If you are at all familiar with the history of economics, you are likely aware of Adam Smith. He is most famous for his Wealth of Nations (or An Inquiry into the Nature and Causes of the Wealth of Nation), an Enlightenment era document in which he proposed the idea of an entirely open economic market, one that fosters absolute free trade and rejects any governmental intervention in the marketplace. For Smith, the market works best when all of its participants are pursuing their self-interest for profit. When everyone is doing so, Smith argues, the whole (society) will benefit.
How will this happen? It is the work of an "invisible hand," the law of exchange, driven by supply and demand, and nothing more. Crucially, there is no moral point: it's all about matching supply and demand. That's all.
Why does Smith's system find such favor in the West today? Simply, it has produced immense prosperity in most of the nations in which it has been used. True enough. But only if one elevates economic prosperity as the highest value can Smith's system be called moral. We are more than economic and material beings. Furthermore, not everyone will prosper in the same way: there will be haves and there will be have nots. Monopolies will occur, industries will be destroyed, many lives shattered.
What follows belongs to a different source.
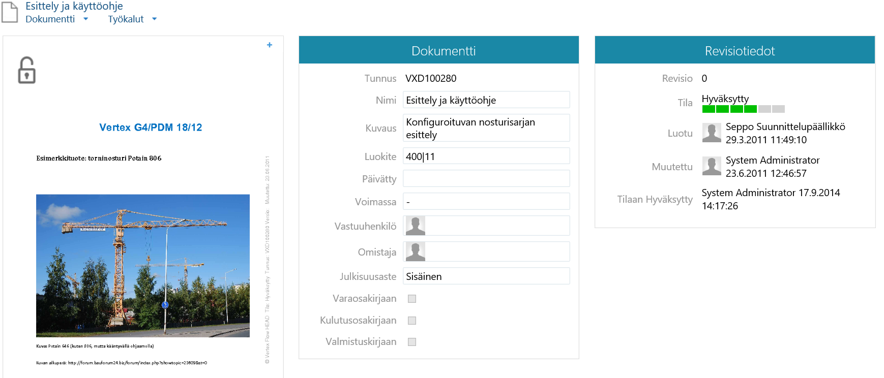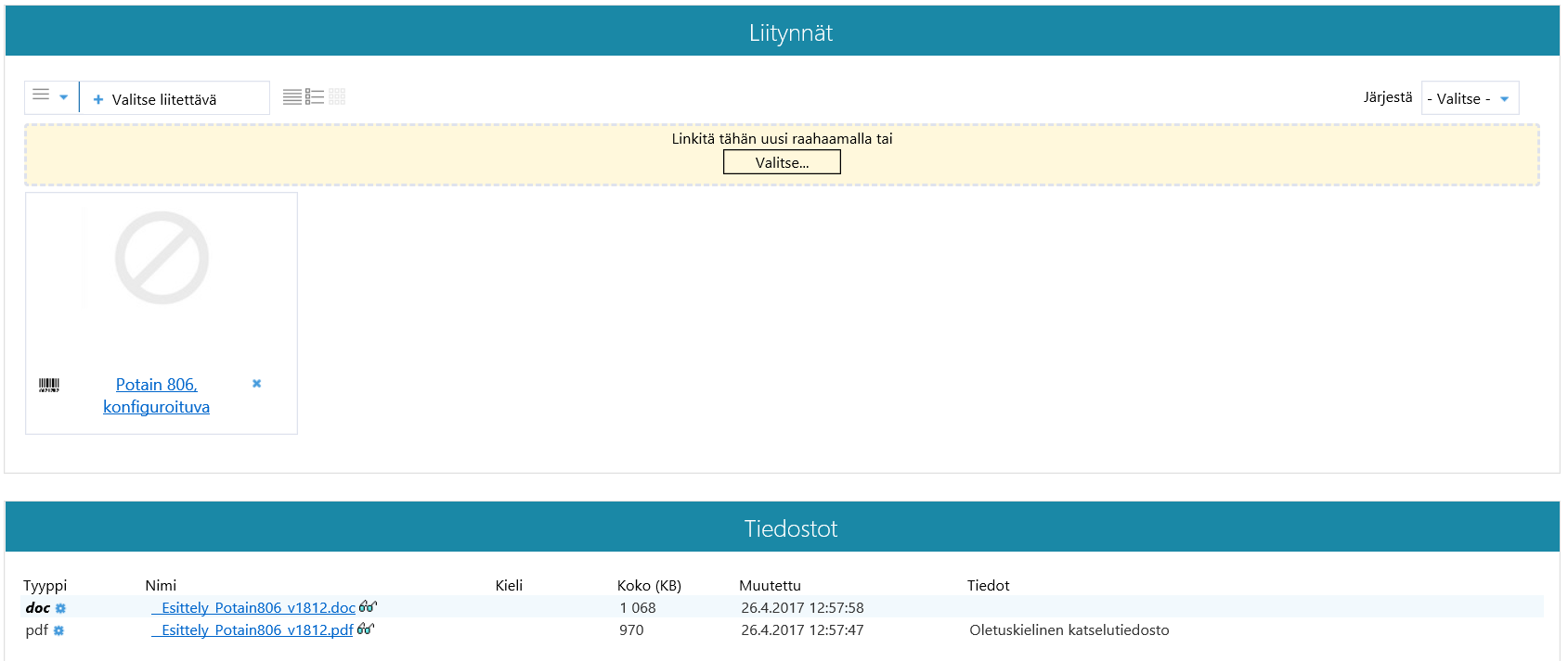 Tiedostot: Tiedostot-kohdassa näkyvät objektiin liitetyt tiedostot. Tällaisiä voivat olla esimerkiksi Office-dokumentit, kuvat yms. Monilla objekteilla on useita tiedostoja: natiivitiedosto, johon muutokset tehdään sekä tästä automaattisesti käännettyjä katselutiedostoja. Valitsemalla näet liitetyn tiedoston tiedot.

And when this happens, the market doesn't care: as a banker at Goldman Sachs remarked in a recent interview, such "disaster" is no more than the "shifting of capital" to a better position. Again, there is no moral point other than the meeting of supply and demand. It's very Darwinian: survival of the fittest.
So why do many of us reject Darwinism and yet embrace the laissez-faire marketplace? Do we really want to base our economic activities on the notion of the survival of the fittest? Do we treasure our material fullness more than the common good?
It's exceeding difficult to be black and white in a gray world.